India: Economic growth eases in October–December 2025, but still rapid
GDP growth stays strong: India’s GDP increased 7.8% in annual terms in October–December, following a 8.4% expansion in the previous quarter. The print was in line with market expectations, and the first that India’s statistical office has calculated using its new methodology, which features a new base year (FY 2022), as well as using a wider range of datapoints to estimate the final figures. According to the revised figures, India’s economy is set to end March about 3.3% smaller than the statistical office originally projected.
Slump in net trade outweighs stronger growth in consumer spending: Compared to the previous quarter’s data, readings in October–December softened for government consumption (+4.7% on a year-on-year basis vs +6.6% in July–September), fixed investment (+7.8% vs +8.4% in July–September) and exports of goods and services (+5.6% vs +10.2% in July–September). In contrast, readings picked up for private consumption (+8.7% vs +8.0% in July–September) and imports of goods and services (+8.6% vs +5.9% in July–September).
With imports accelerating as a result of strong consumer demand and exports decelerating as a result of U.S. tariffs, net trade declined at the sharpest rate since April–June 2023 in October–December. More positively, lower inflation and interest rates plus cuts to consumption taxes aided consumer spending.
Panelist insight: EIU analysts commented:
“We have raised our estimate of real GDP growth in 2025/26 from 7.4% to 7.6%, given the base year revision. We retain our real GDP growth forecast of 7.2% for 2026/27, based on continued support from domestic demand and an eventual trade agreement with the US.”
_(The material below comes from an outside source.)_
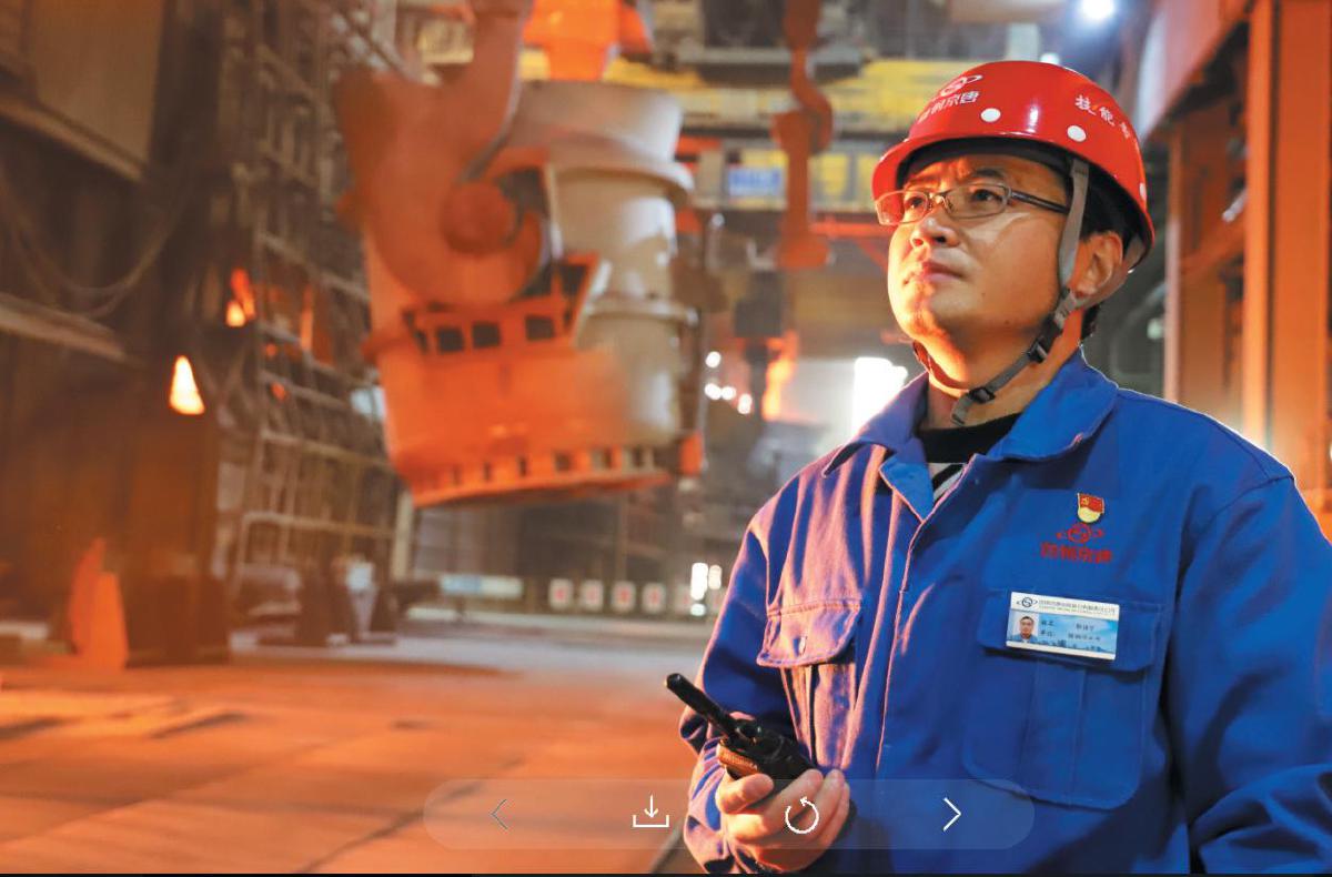 首钢京唐公司炼钢作业部炼钢作业区炼钢工、转炉炼钢工高级技师郭佳宁。 本版图片/首钢京唐钢铁联合有限责任公司供图

On the ability of India to respond to the Iran war, HSBC’s Justin Feng and Frederic Neumann commented:
“India arguably has more leeway to run a wider [fiscal] deficit given its growth profile and economic heft, and may find some near-term relief from a 30-day US waiver to buy Russian oil. That said, India’s strategic oil reserves are limited (~30 to 70 days) compared with other large Asian economies such as mainland China (~110 to 140 days) and Japan (~200 to 250 days).”